**TO DO:** Starting at the line that contains "2022年3月25日晚,52" and ending at the final line of the entries below, write out each line exactly as it appears, but omit the pictures.

[Recorded data]
%%

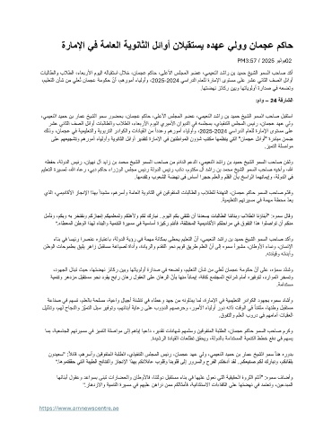 ةراملإا يف ةماعلا ةيوناثلا لئاوأ نلابقتسي هدهع يلوو نامجع مكاح
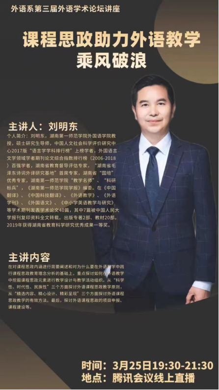 2022年3月25日晚,52av “湖南省毛泽东诗词外译研究基地”首席专家刘明东应邀为山西省长治学院外语系教师进行了题为“课程思政助力外语教学乘风破浪”的学术讲座。
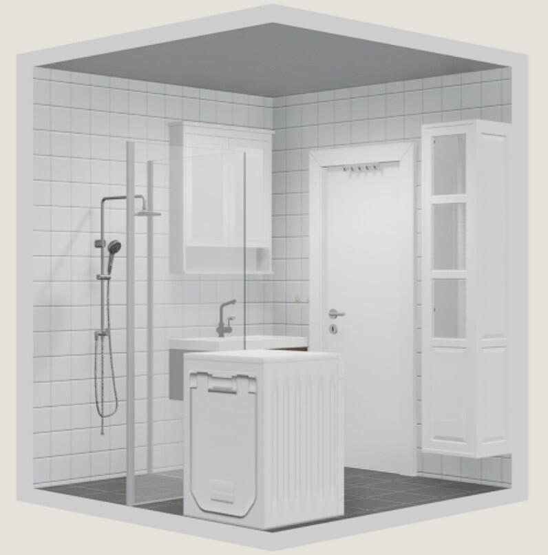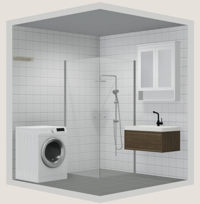 5. Sanitaartehnilised tööd: seinale asetatava kraanikausi - ja aluse, ja segistite paigaldus, dušinurka segisti paigaldus, dušinurk kahe klaasseinaga paigaldus, vee- ja kanalisatsioonitorude ühendamine sh pesumasina veetorude ja äravoolu toomine seina.
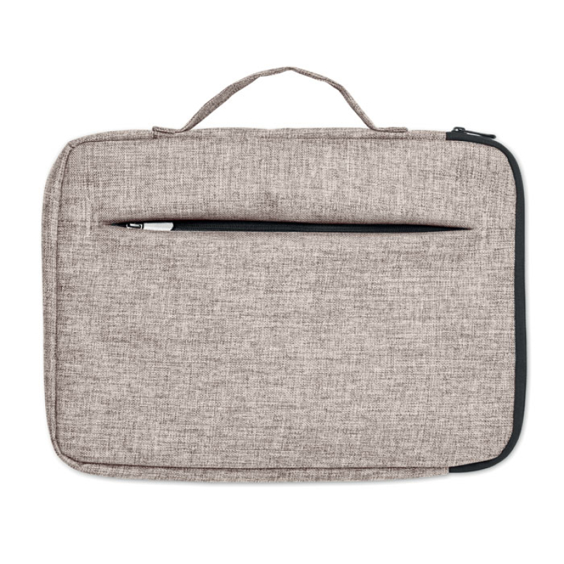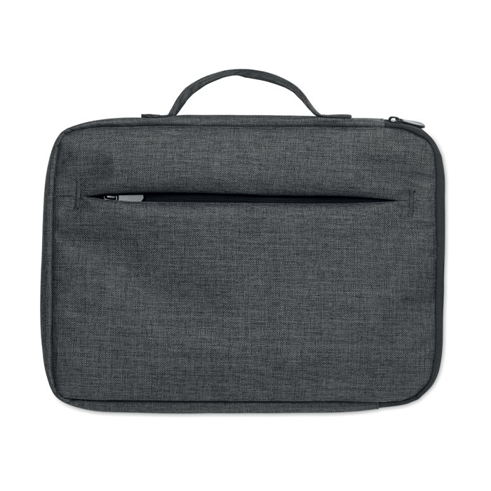 13 inch Laptop bag padded in 600D 2 tone Polyester with handle and side zipper for easy backpack use. Including trolley holder on the back.
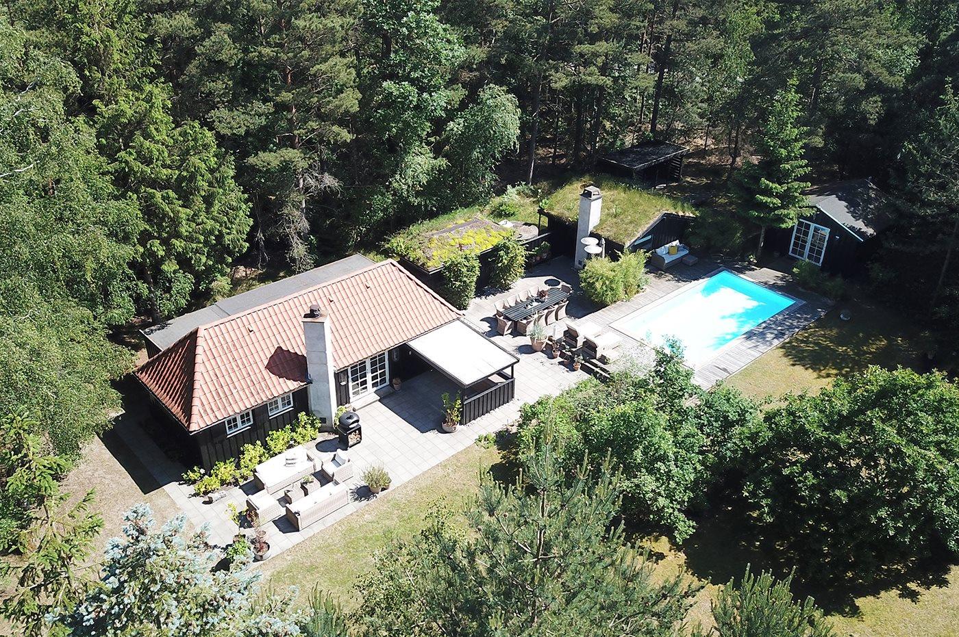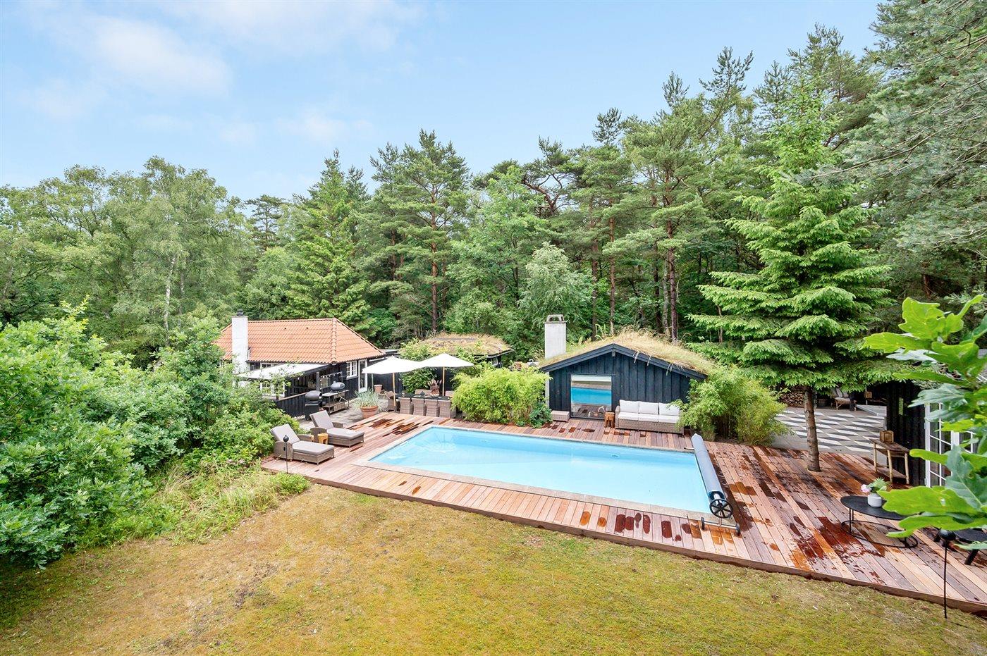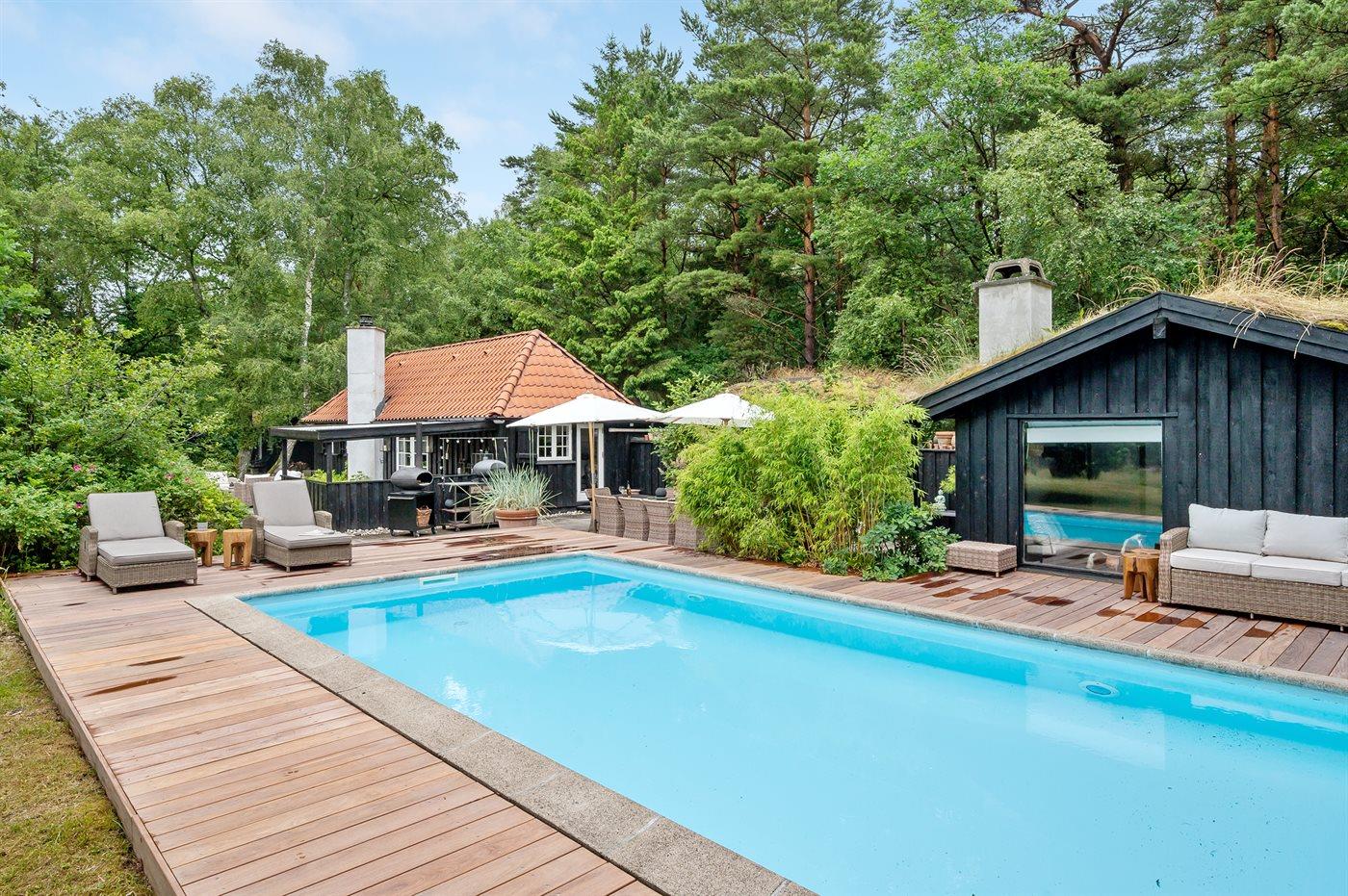 Ferienhaus mit Sauna, Pool und Gästehäusern in Dänemark, ideal für Erholung und Komfort.

%%

**OUTPUT OF THE EXERCISE:**
 2022年3月25日晚,52av “湖南省毛泽东诗词外译研究基地”首席专家刘明东应邀为山西省长治学院外语系教师进行了题为“课程思政助力外语教学乘风破浪”的学术讲座。
 5. Sanitaartehnilised tööd: seinale asetatava kraanikausi - ja aluse, ja segistite paigaldus, dušinurka segisti paigaldus, dušinurk kahe klaasseinaga paigaldus, vee- ja kanalisatsioonitorude ühendamine sh pesumasina veetorude ja äravoolu toomine seina.
 13 inch Laptop bag padded in 600D 2 tone Polyester with handle and side zipper for easy backpack use. Including trolley holder on the back.
 Ferienhaus mit Sauna, Pool und Gästehäusern in Dänemark, ideal für Erholung und Komfort.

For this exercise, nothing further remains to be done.